_Problem to work on_
The answer must be an exact copy of the lines from the one containing "3. Attach the" through the end of the records, with the pictures left out.

_Supplied information_

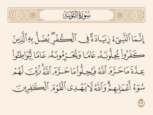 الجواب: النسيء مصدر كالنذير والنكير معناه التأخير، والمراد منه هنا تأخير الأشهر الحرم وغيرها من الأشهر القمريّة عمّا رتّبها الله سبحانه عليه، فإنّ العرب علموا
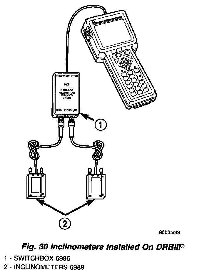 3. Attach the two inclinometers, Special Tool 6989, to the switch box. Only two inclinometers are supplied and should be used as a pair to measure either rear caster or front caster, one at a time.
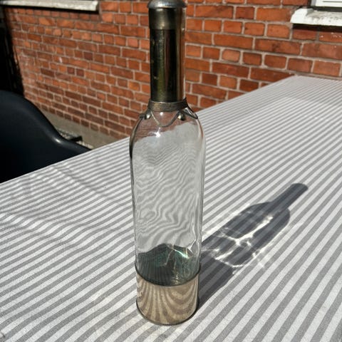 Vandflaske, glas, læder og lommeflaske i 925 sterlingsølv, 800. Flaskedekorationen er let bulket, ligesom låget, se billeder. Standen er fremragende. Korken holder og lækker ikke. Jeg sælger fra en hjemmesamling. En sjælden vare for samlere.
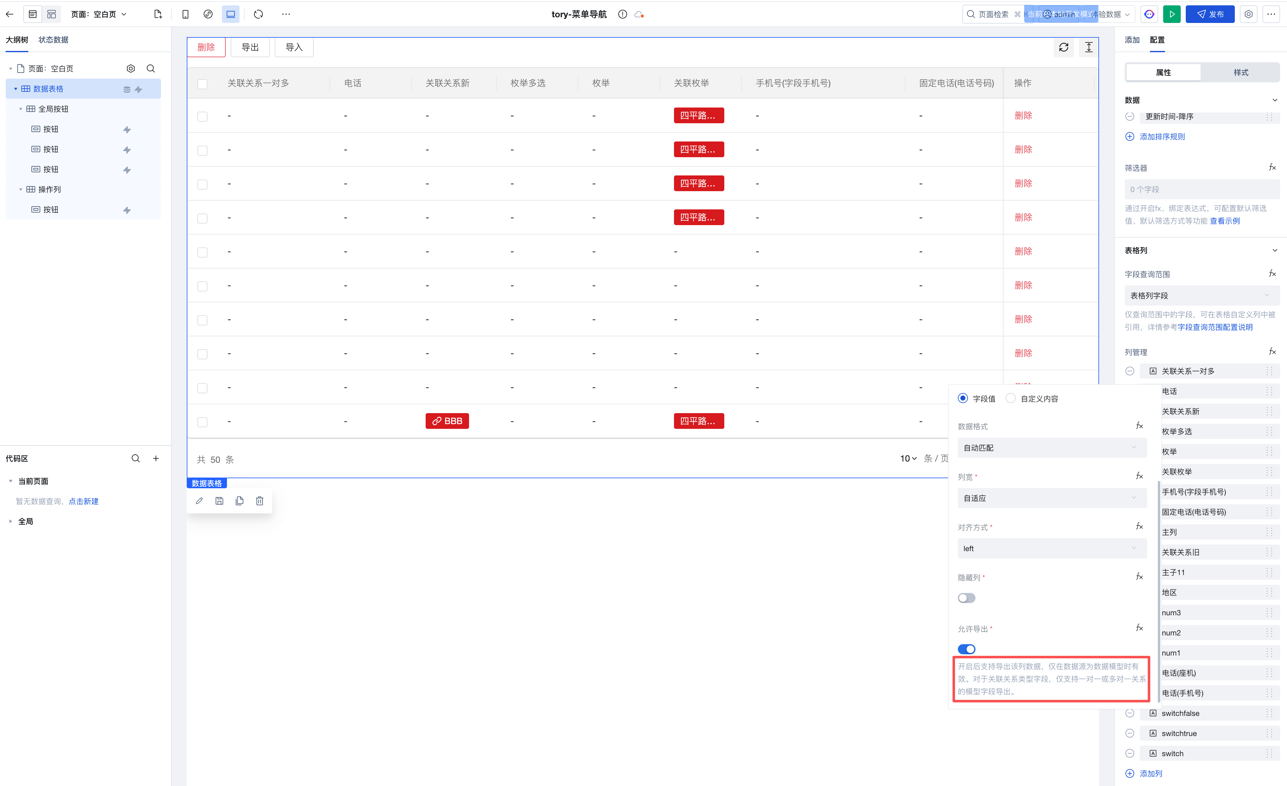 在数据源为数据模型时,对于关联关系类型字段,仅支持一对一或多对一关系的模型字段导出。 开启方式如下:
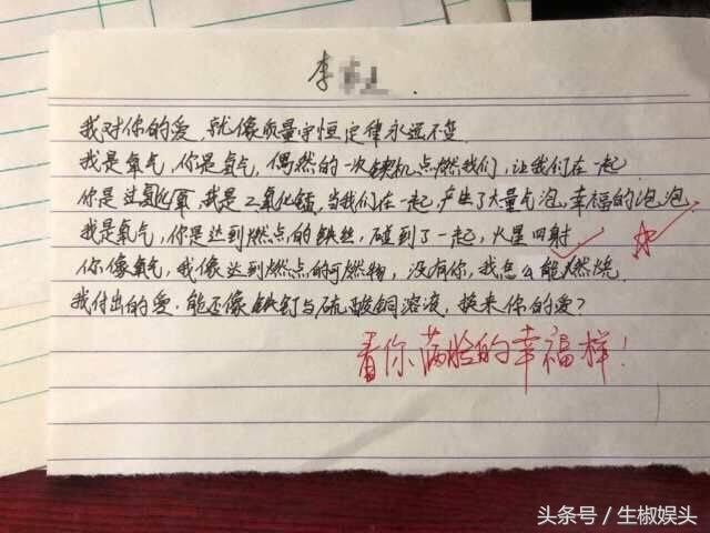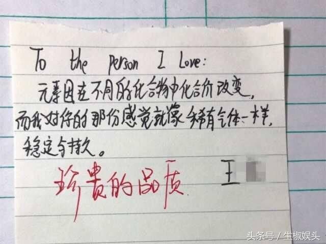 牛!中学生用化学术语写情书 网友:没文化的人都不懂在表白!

_Solution_
 3. Attach the two inclinometers, Special Tool 6989, to the switch box. Only two inclinometers are supplied and should be used as a pair to measure either rear caster or front caster, one at a time.
 Vandflaske, glas, læder og lommeflaske i 925 sterlingsølv, 800. Flaskedekorationen er let bulket, ligesom låget, se billeder. Standen er fremragende. Korken holder og lækker ikke. Jeg sælger fra en hjemmesamling. En sjælden vare for samlere.
 在数据源为数据模型时,对于关联关系类型字段,仅支持一对一或多对一关系的模型字段导出。 开启方式如下:
 牛!中学生用化学术语写情书 网友:没文化的人都不懂在表白!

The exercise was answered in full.